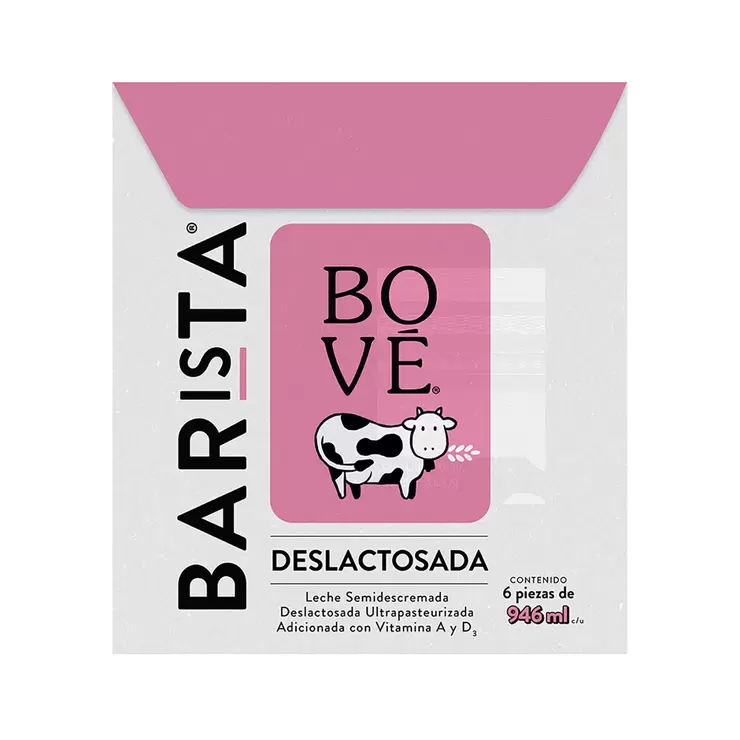Six Pack Leche Deslactosada Barista 946 ml c/u Bové es un producto de alta calidad y gran sabor, leche semidescremada deslactosada de vaca, adicionada con vitamina A y vitamina D3. Ideal para hacer preparación de café con un exquisito sabor cremoso con el cuerpo y textura deseados igual que en una cafeteria. Ideal para personas que sufren de intolerancia a la lactosa, es una leche especializada por excelente funcionalidad para espumar.
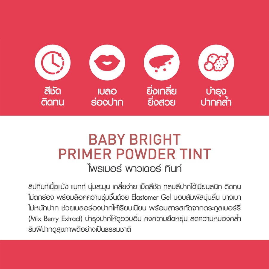 เบบี้ไบร์ท ติ้นทาปาก ลิปทินท์ เนื้อแมท เนื้อแป้ง ติดทน 2.4g Baby Bright Primer Powder Tint
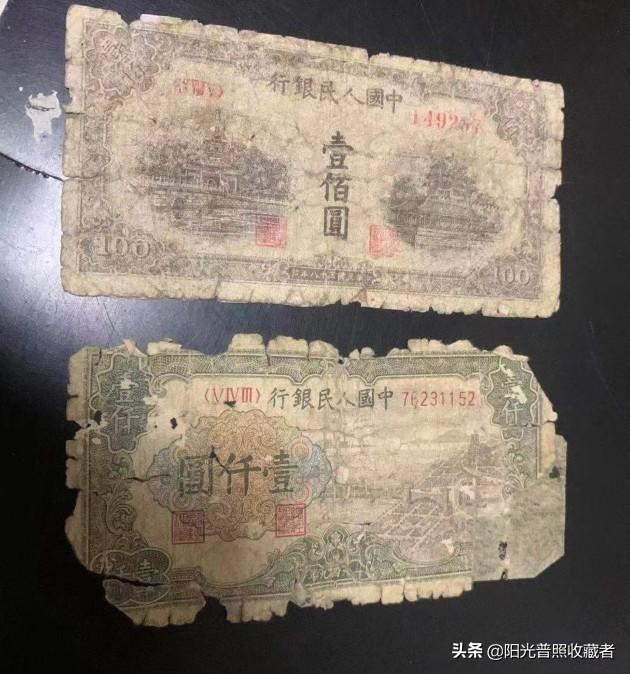 也许你会说:“这种不是更高吗?这可是1100元的面值。”这是第一版旧币,面值是未换算前的旧币制,壹千圆等于现在的一角,那张百元的顶现在一分钱。
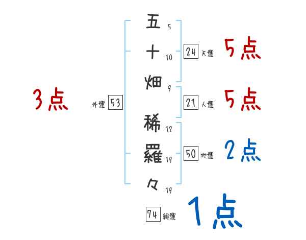 外運![]() | 五十畑稀羅々さんの外運は53画の3つ星!やや見栄っ張りで虚栄心がある。散財に注意。 生活面を象徴する運勢です。外部から受ける影響力を表し、結婚運、家庭運や職場、環境への順応性を表します。 |
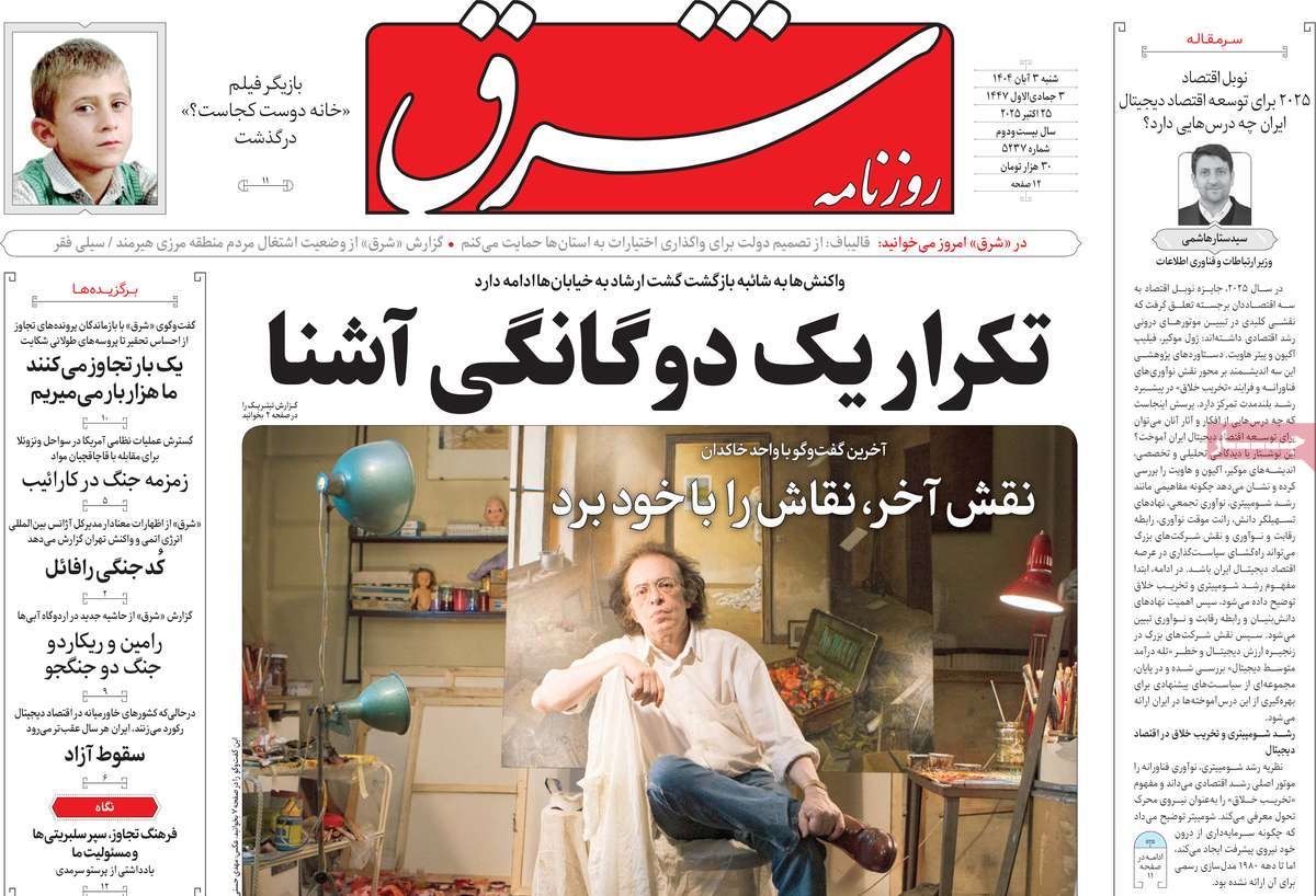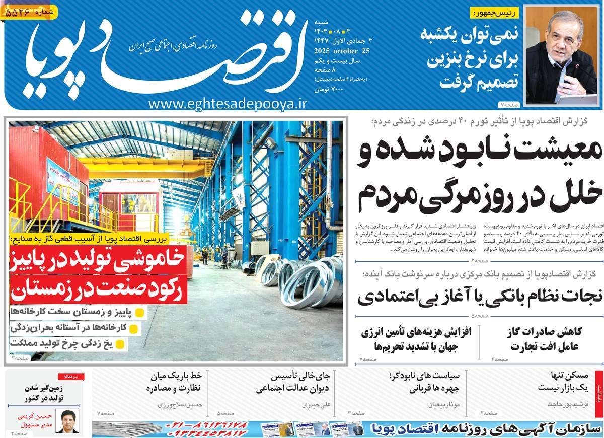 صفحه نخست روزنامههای یکشنبه ۴ آبان ۱۴۰۴
-----
[Work order]
Output only the lines above from the one containing "เบบี้ไบร์ท ติ้นทาปาก ลิปทินท์" to the one containing "外運![]() | 五十畑稀羅々さんの外運は53画の3つ星!やや見栄っ張りで虚栄心がある。散財に注意。", both included, exactly as written and with no pictures.

[Completed task]
 เบบี้ไบร์ท ติ้นทาปาก ลิปทินท์ เนื้อแมท เนื้อแป้ง ติดทน 2.4g Baby Bright Primer Powder Tint
 也许你会说:“这种不是更高吗?这可是1100元的面值。”这是第一版旧币,面值是未换算前的旧币制,壹千圆等于现在的一角,那张百元的顶现在一分钱。
 外運![]() | 五十畑稀羅々さんの外運は53画の3つ星!やや見栄っ張りで虚栄心がある。散財に注意。 生活面を象徴する運勢です。外部から受ける影響力を表し、結婚運、家庭運や職場、環境への順応性を表します。 |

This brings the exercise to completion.